Even so towering a talent as Dmitri Shostakovich resorted to playing with musical motifs that would spell out his own initials, so cowed was he by the Stalinist authorities. Was it even possible to aspire to greatness under such conditions?
Ananiev spells out a vital distinction. “Much of the art that was produced under these very politically biased conditions was justifiably labelled as Socialist Realism – but it wasn’t realism as such. Those works described a world, not like it was, but like it should have been.”

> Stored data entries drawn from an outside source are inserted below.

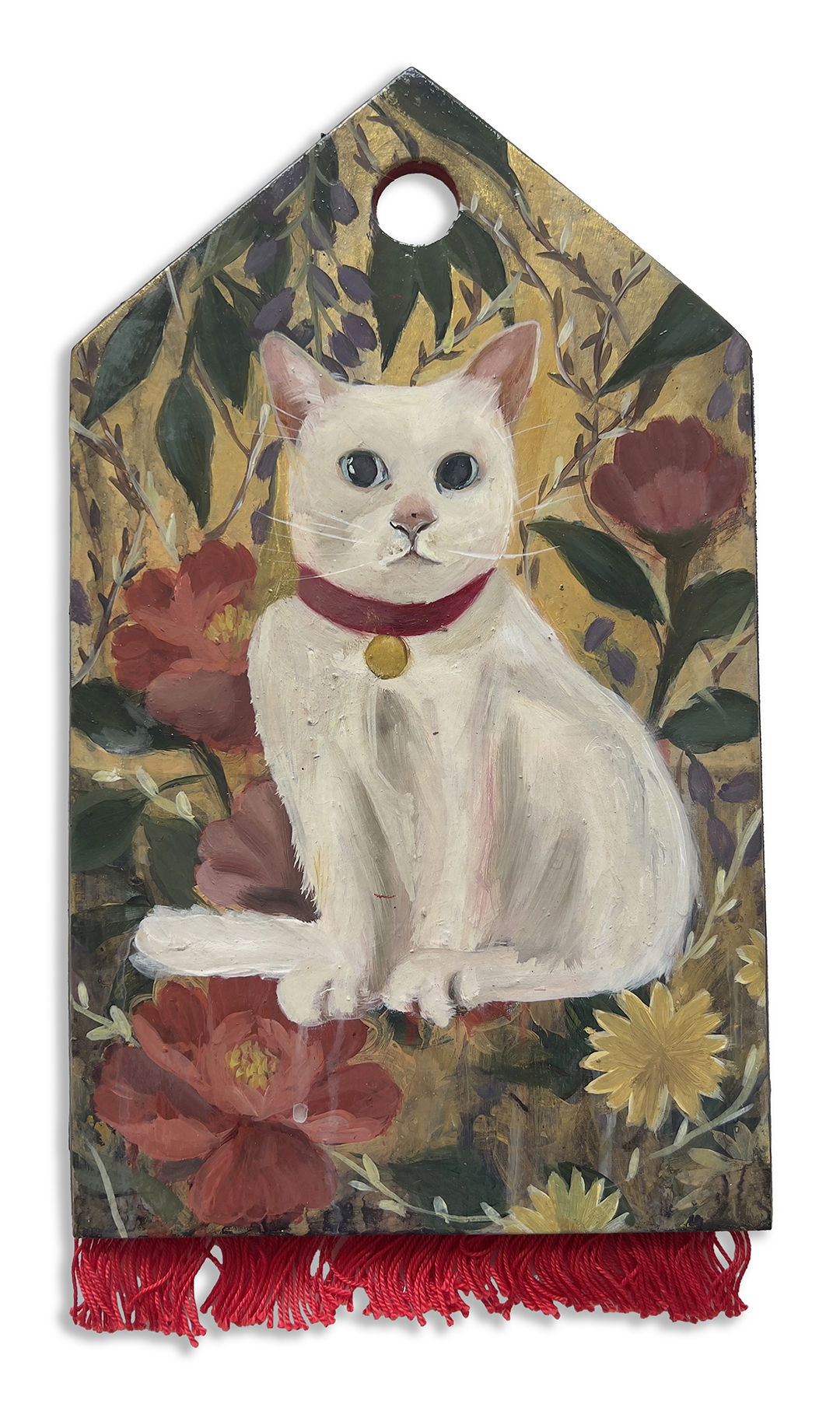 這幅作品中的白貓,身披紅色項圈與金鈴鐺,靜坐於花葉繁茂的背景之中,彷彿化身為家宅的守護靈。自古以來,貓在世界各地的文化中皆被視為能驅邪避凶、招福納祥的靈獸,不僅擁有靈敏的感知力,也象徵獨立與溫柔的力量。畫中的白貓凝視前方,目光安定而堅定,其姿態如同沉靜的守門人,在無聲中守護著居所與心靈的平安。紅鈴與金飾不僅增添畫面視覺重點,更象徵幸福的召喚與內在能量的流動。此作融合了民間信仰與當代情感,將日常中的守護意象昇華為富含寓意的文化符號,傳達出一種柔中帶剛、靜中藏力的情感共鳴。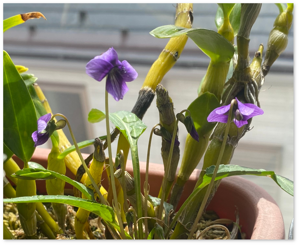 部屋に取り込んであるデンドロビウムのプランターに、スミレの花が咲いた。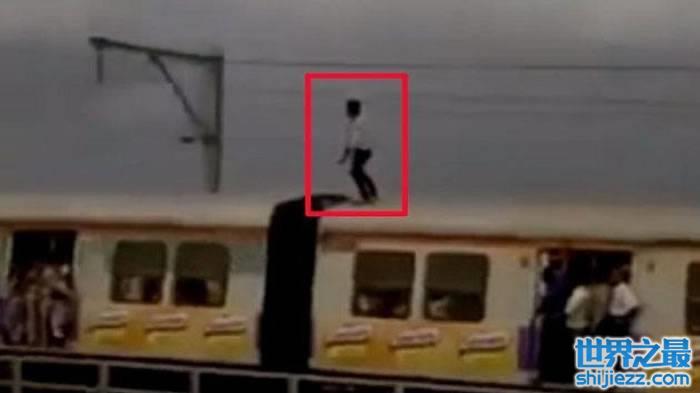 印度青年不要命,在火车顶玩“冲浪”

The artists collected by Ananiev, on the other hand, are full of insight and psychological drama. A feeling of dread permeates Olga Vaulina’s 1930s “Wrestlers”. Two lumpy bodies address each other, as if in the opening seconds of what will be 10 hard-fought rounds. There is no sense of spring or sharp movement, just a latent, forbidding strength.
But Vaulina is also playing with artistic convention here. The Russian realist painters were not unaware of developments in the avant-garde, nor did they disdain abstraction. Look at the planes of colour, the absence of detail in the men’s features in “Wrestlers”: this is realism with an edge, not some embarrassing throwback to a defunct style of painting.
This is the point that Ananiev is making. “It is to show that the Russian realists, during the Soviet period, were continuing a long and cherished tradition that started in the mid-19th century,” he says. “Those skills were transferred from one generation to another. They were not lost.”
Bringing the art to London, he says, “will draw attention, for those who know little about Russian art, to an art form that has not a hint of propaganda.”
This is, as much as anything, a hopeful message about art. The CIA famously exploited the burgeoning abstract expressionist movement of the 1940s and 1950s to show that the US enjoyed greater freedom of expression than the Soviet Union. But the painters assembled here, making light of the restrictions placed on them, still managed to focus on deeper truths than politics allowed.
“They show the human nature of sport, not its propagandistic splendour,” says Ananiev. “They are understanding, and humble.” These are not words that we associate with the bombastic nature of Socialist Realism; but art has a way of seeping under the thickest skins.